Acidification in Puget Sound

Ocean acidification is a global problem that has local effects on the Puget Sound ecosystem. It threatens Washington’s marine wildlife and economy. We are working to determine the causes and impacts of ocean acidification and to identify possible solutions.
We support continued research and monitoring to provide the critical information needed to make decisions about ocean acidification. We are investing in science and working in partnership with scientists, policymakers, and industry experts to prepare Washington for ocean acidification and other adverse effects from a changing climate.

Seawater chemistry is changing with rising in CO2

Ocean acidification is the scientific term used to describe how seawater chemistry is changing due to increased amounts of carbon dioxide (CO2) in the ocean from human activities, such as deforestation and the combustion of fossil fuels. Since the Industrial Revolution, CO2 continues to increase in the atmosphere, some of which is absorbed by the ocean. This extra CO2 has changed the chemistry of seawater, making it more acidic.

As seawater becomes acidic, it contains fewer carbonate ions that are available for marine organisms. This shift in chemistry affects marine organisms that need calcium carbonate to form skeletons and shells. Aquatic species respond in different degrees to the changing ocean chemistry. The changes in ocean chemistry affect the base of the marine food web and ultimately affect shellfish and fish populations, including those harvested by people for food.

A local problem

Locally, Puget Sound and marine waters just off the Washington coast are affected by global ocean acidification when deep ocean water upwells into the coastal zone and enters the Sound and coastal inlets. A number of local factors — including local carbon and nutrient pollution — can increase Puget Sound’s sensitivity to the effects of acidification.

Acidification has local effects on marine life in Puget Sound and coastal bays. In the summer, upwelled Pacific Ocean water flows inshore and increases acidification. Three factors in Washington compound the effects of global ocean acidification; one is caused by local weather, while the other two can be controlled:

  1. Coastal winds bring deep Pacific Ocean water to the surface in a process called upwelling. This deep, nutrient-rich water is naturally more acidic due to organic matter decomposing in the deep ocean.
  2. Nitrogen loading and organic-matter inputs from various local sources fuel algae growth. This decreases oxygen levels and increases CO2 levels in the water. (insert new page “oxygen levels”)
  3. Local industrial emissions of CO2 and other acidic gases can be absorbed by Puget Sound marine waters.


Acidification can hinder shell development.

Local species are at risk

Washington has a vibrant commercial and recreational shellfish industry that has started to experience adverse effects from ocean acidification. This is expected to get worse over time.
Shellfish and other marine organisms in Puget Sound depend on dissolved calcium to build and maintain their shells and skeletons. These organisms include oysters, clams, mussels, barnacles, and plankton, which in turn are an important food source for salmon, seabirds, whales, and other marine wildlife. The availability of dissolved calcium thus affects the entire ecosystem, including humans.
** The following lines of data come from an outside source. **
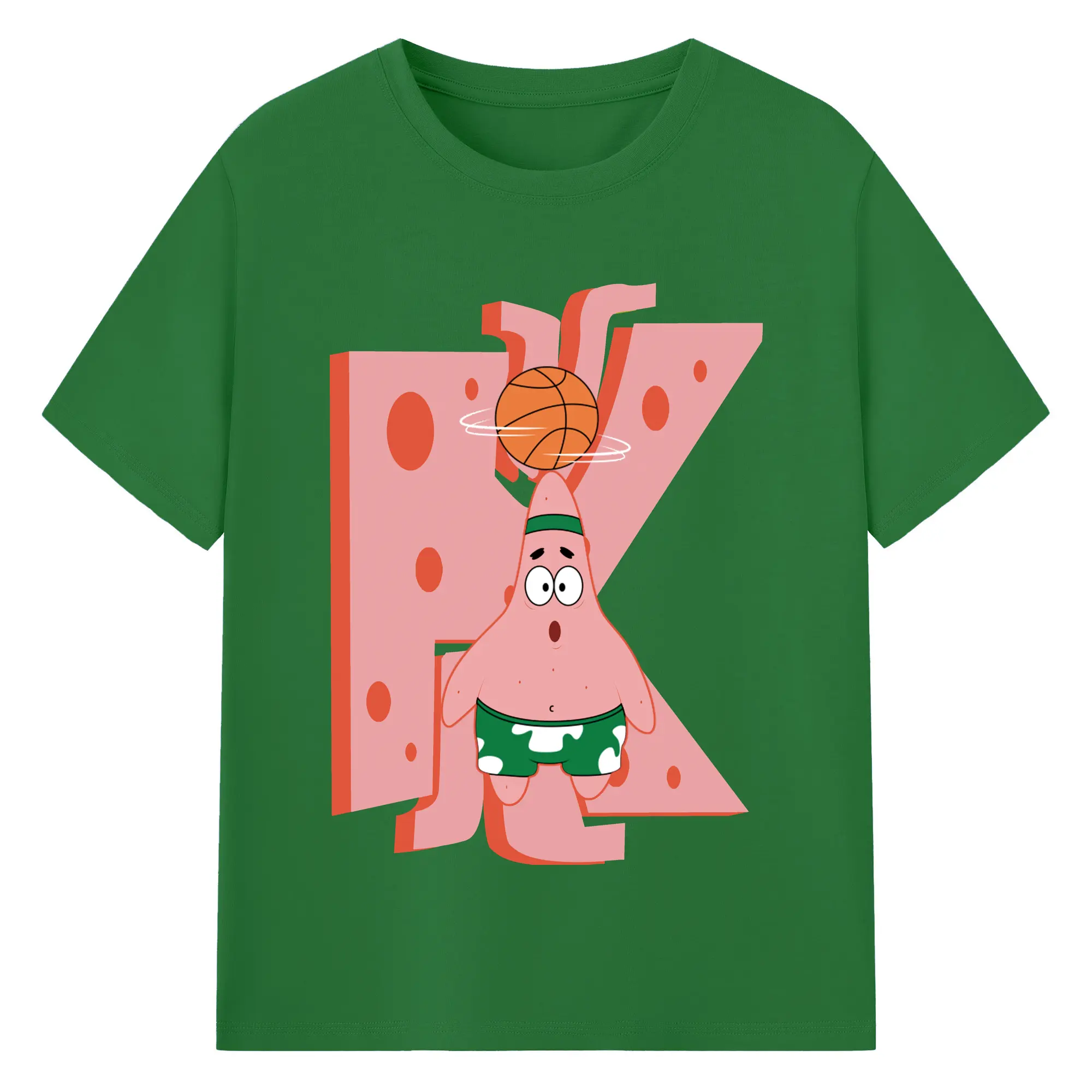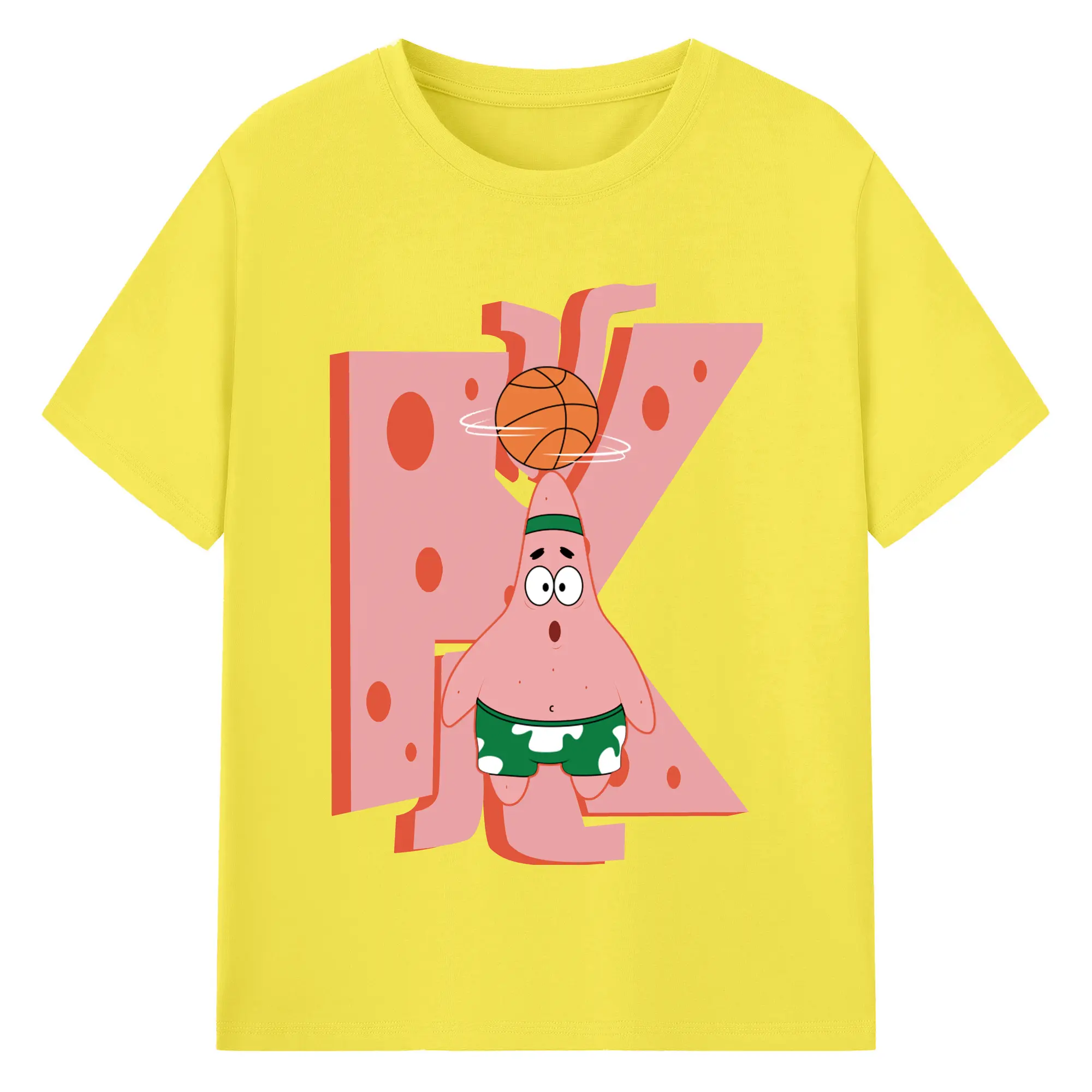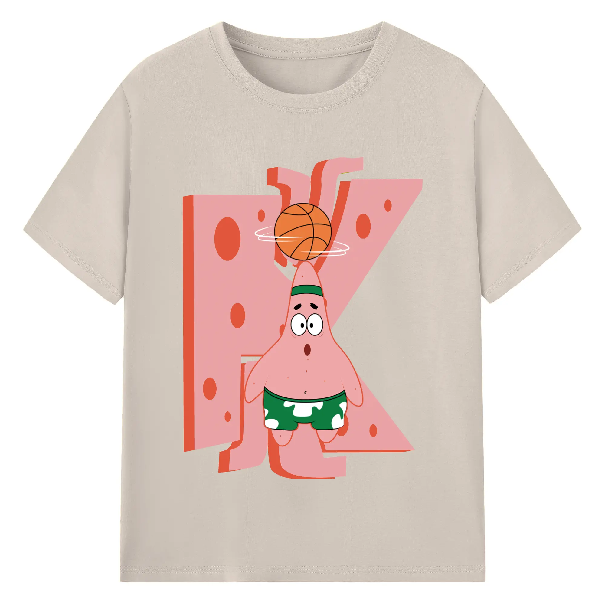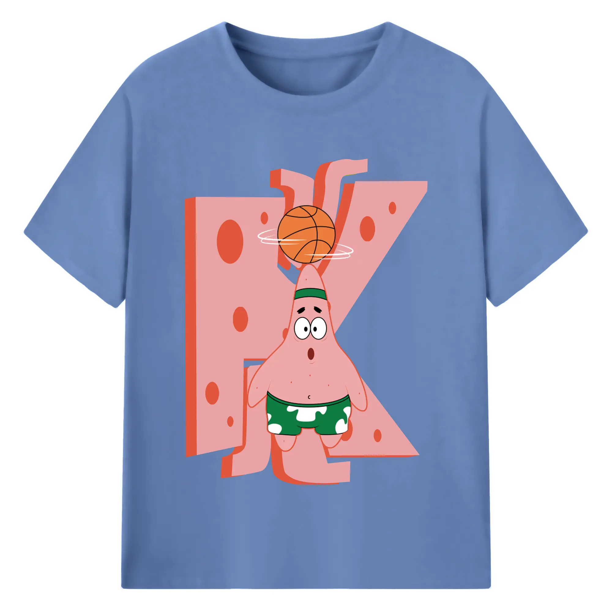 Patrick Star play basketball Graphic T-Shirt - 180g Cotton T-Shirt With Front Heat Transfer Print – Soft, Lightweight, Fitted Design – Comfortable Casual Wear For Sports & Everyday Use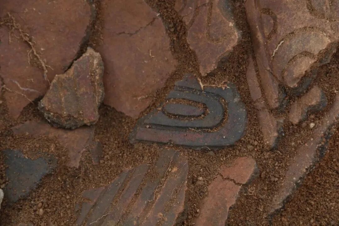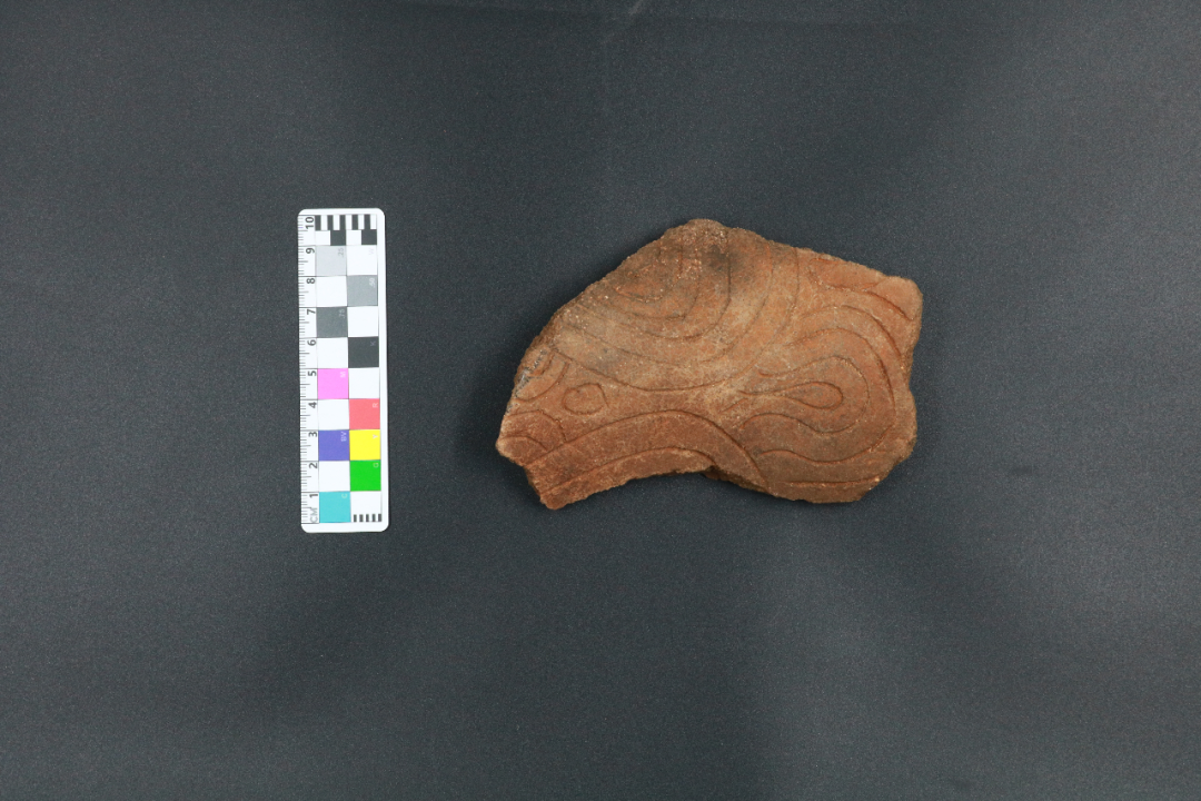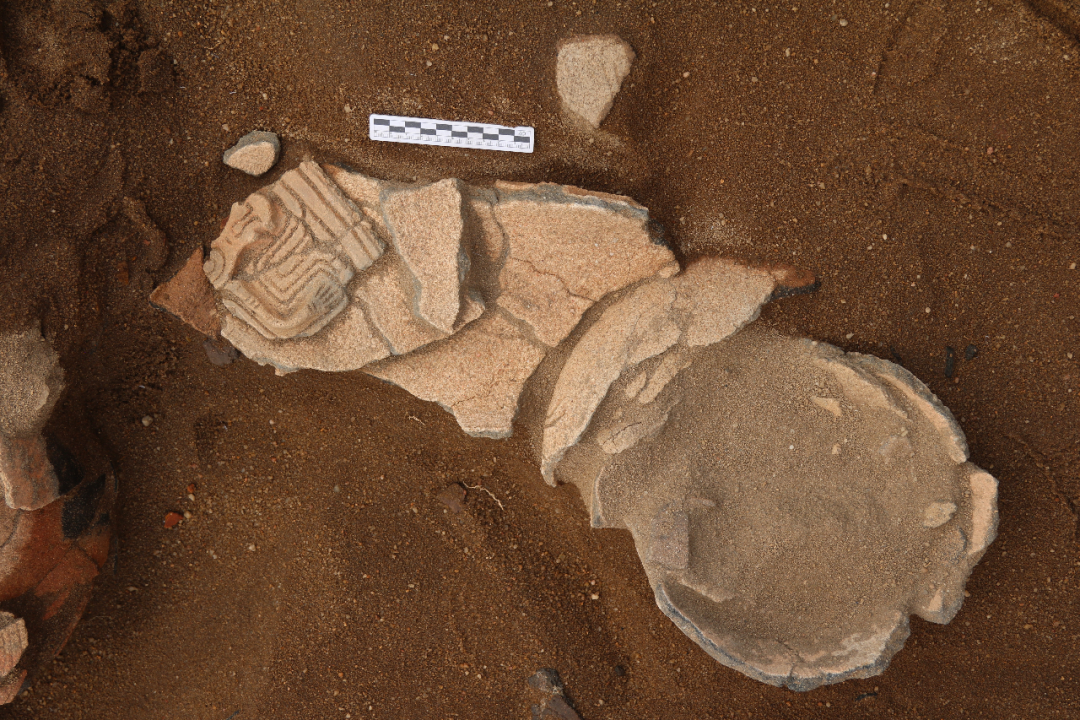 ▲ 新石器时代活动面出土刻划纹陶盖残件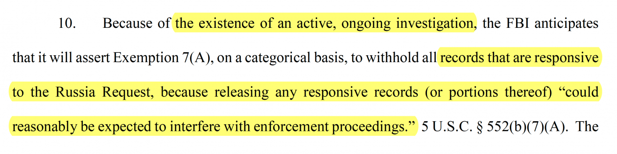 In a court filing in this case on April 6, 2017, a Justice Department attorney representing the FBI informed the Court that there is an “active, ongoing investigation” pertaining to this matter and claimed that disclosing the “records that are responsive to the Russia Request” could reasonably be expected to interfere with “enforcement proceedings.”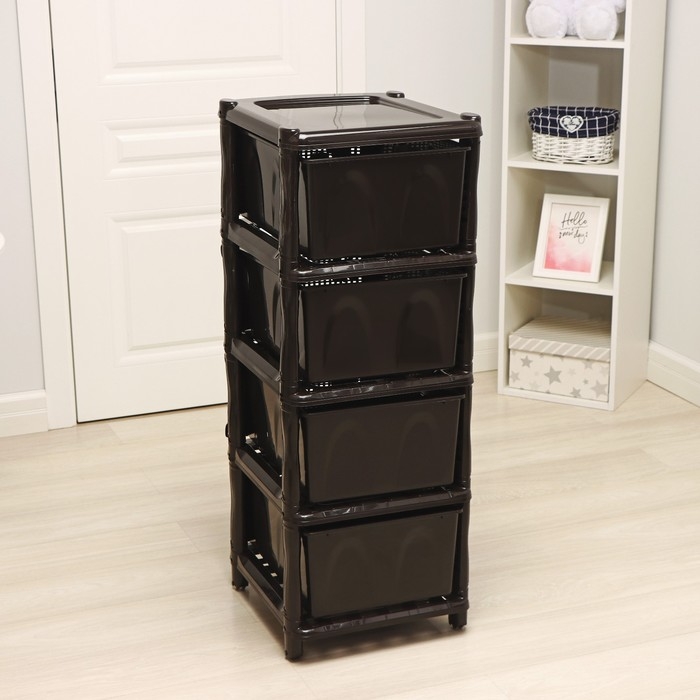С помощью практичного пластикового комода вы правильно организуете хранение вещей. Изделие имеет жёсткую конструкцию за счёт цельных боковых стенок. Отсутствие острых углов делает его безопасным для ребёнка. Комод изготовлен из экологически чистого материала, не содержит вредных веществ.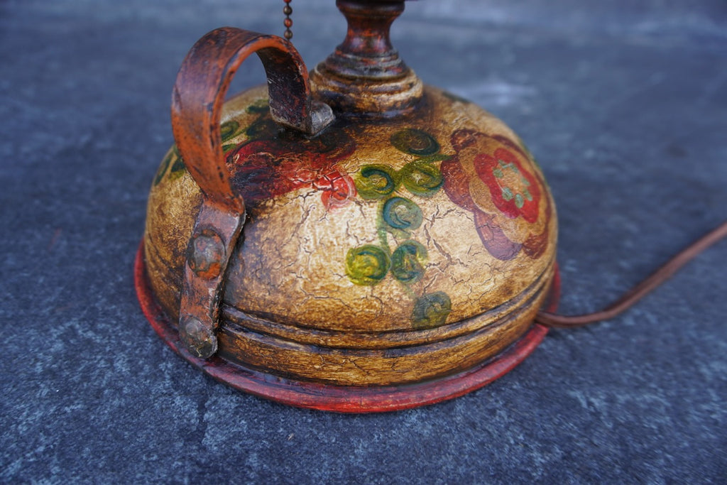 An original Monterey table lamp, embodying the warm, rustic character of early California design. The lamp features a hand-decorated base with a crackled finish and stylized floral motif in earthy tones, complemented by a weathered metal collar, scalloped shade, and clear glass chimney that evoke the look of traditional oil lamps. A side loop handle and pull-chain switch add to its vintage charm and functionality.
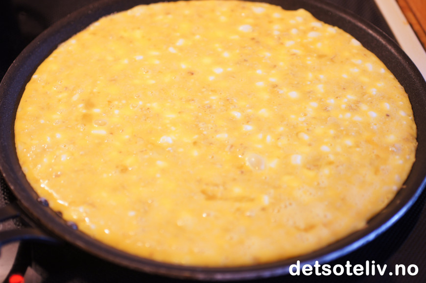 ♥ Proteinpannekaken må steke en stund for å bli helt gjennomstekt. Pass derfor på at du ikke har for sterk varme.
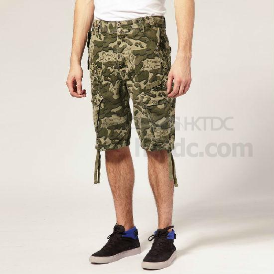 Printing cargo shorts with herringbone tape on hem.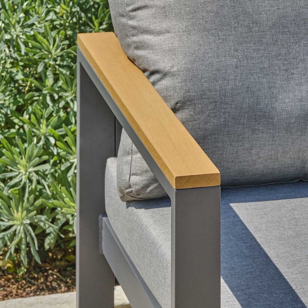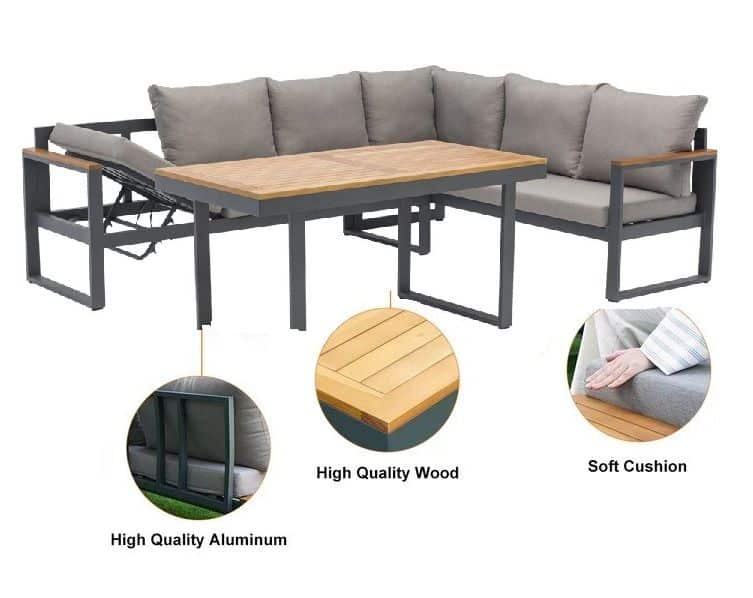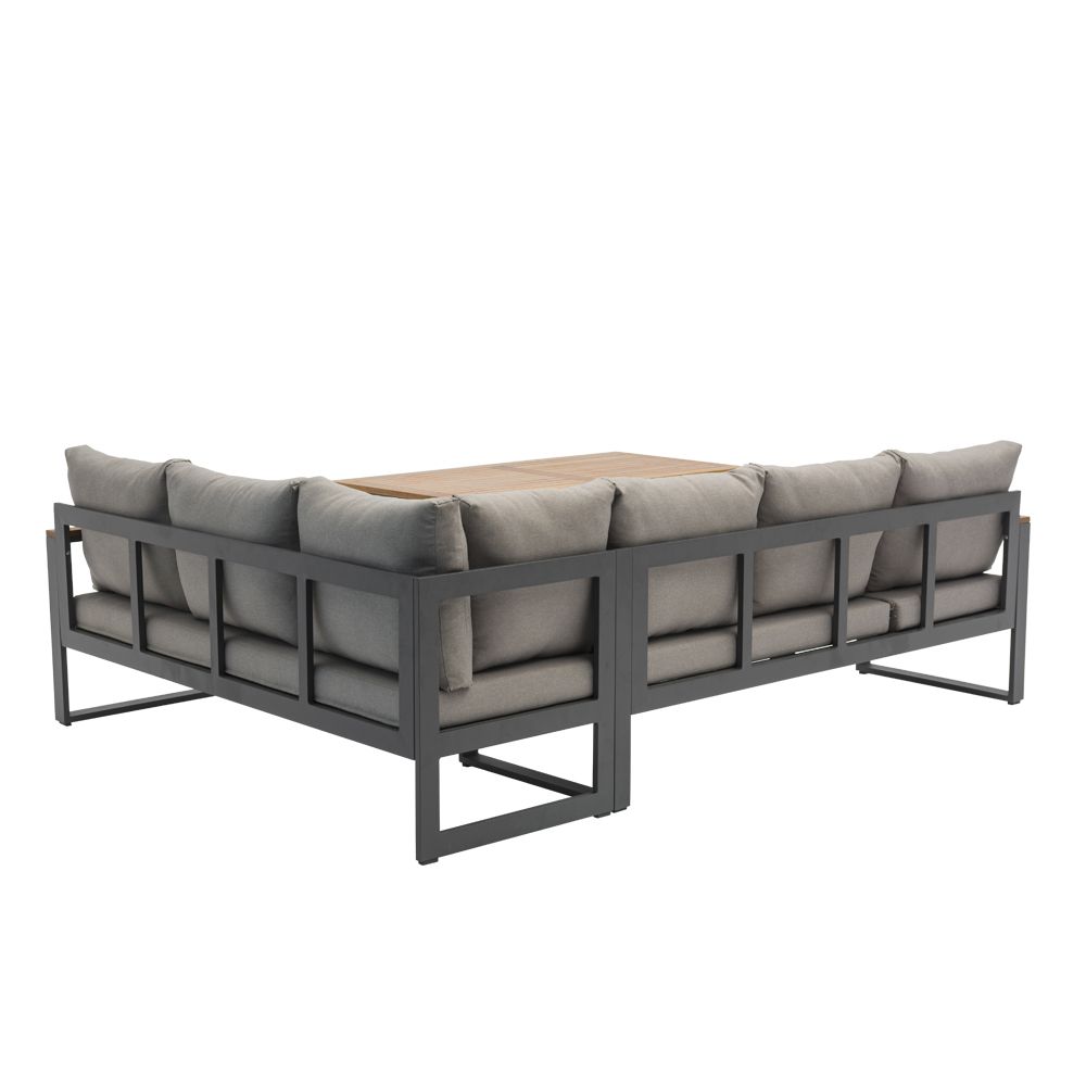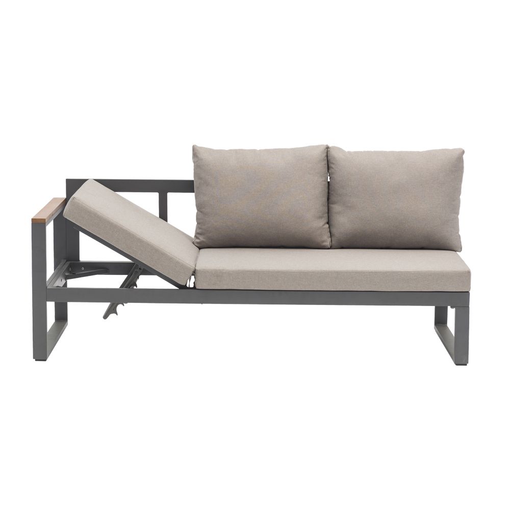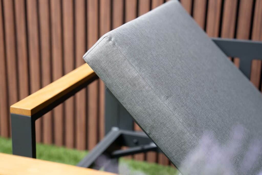De linkerbank heeft een in hoogte verstelbare zitting, zodat je eenvoudig kunt wisselen tussen zitten en languit liggen. De dikke zitkussens van 10cm zijn gemaakt van waterafstotend polyester en bieden direct heerlijk comfort. Met een zithoogte van 45cm en een zitdiepte van 65cm zit je perfect ontspannen. Het gepoedercoat aluminium frame in antraciet is lichtgewicht, roestvrij en onderhoudsarm. De warme FSC Acacia hardhouten armleuningen zorgen voor een mooie balans tussen modern en natuurlijk.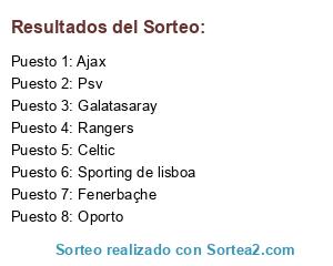 Lista de participantes: Psv, Sporting de lisboa, Oporto, Fenerbaçhe, Ajax, Galatasaray, Celtic, Rangers.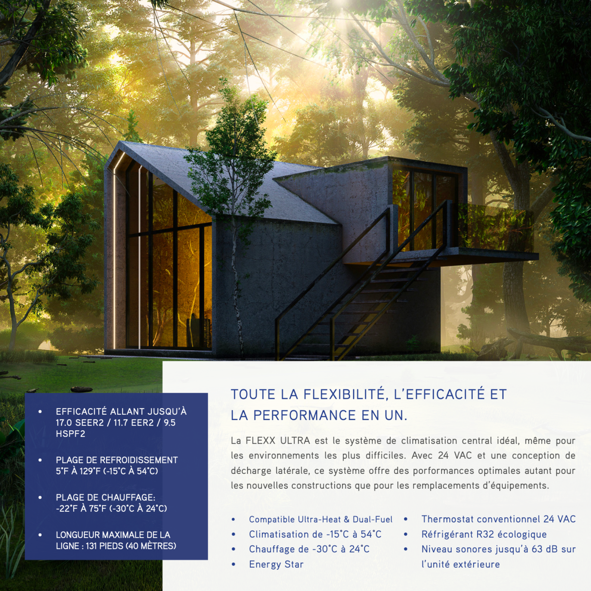 The GREE FLEXX R32 | 5T | Case Coil "ADD-ON" Central Heat Pump is designed for homeowners seeking a reliable, flexible central heating solution adapted to Quebec's climate . Whether for a replacement, renovation, or energy conversion project, this system provides a solid foundation for year-round thermal comfort.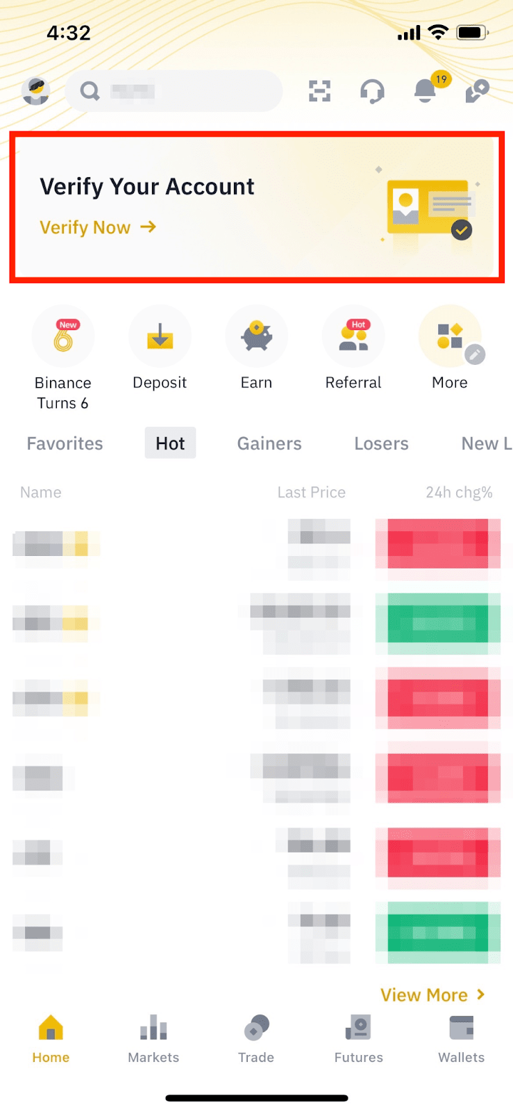1. 登录个人币安账户,然后点击 App 首页中的【立即认证】。

Washington’s commercial and recreational shellfish industry supports thousands of jobs and contributes tens of millions of dollars to the state’s economy. Acidification threatens the viability of these industries. In fact, the local oyster industry has been combating ocean acidification by adding sodium carbonate into hatchery waters. However, as carbonate levels continue to drop, this stop-gap solution will become less and less effective.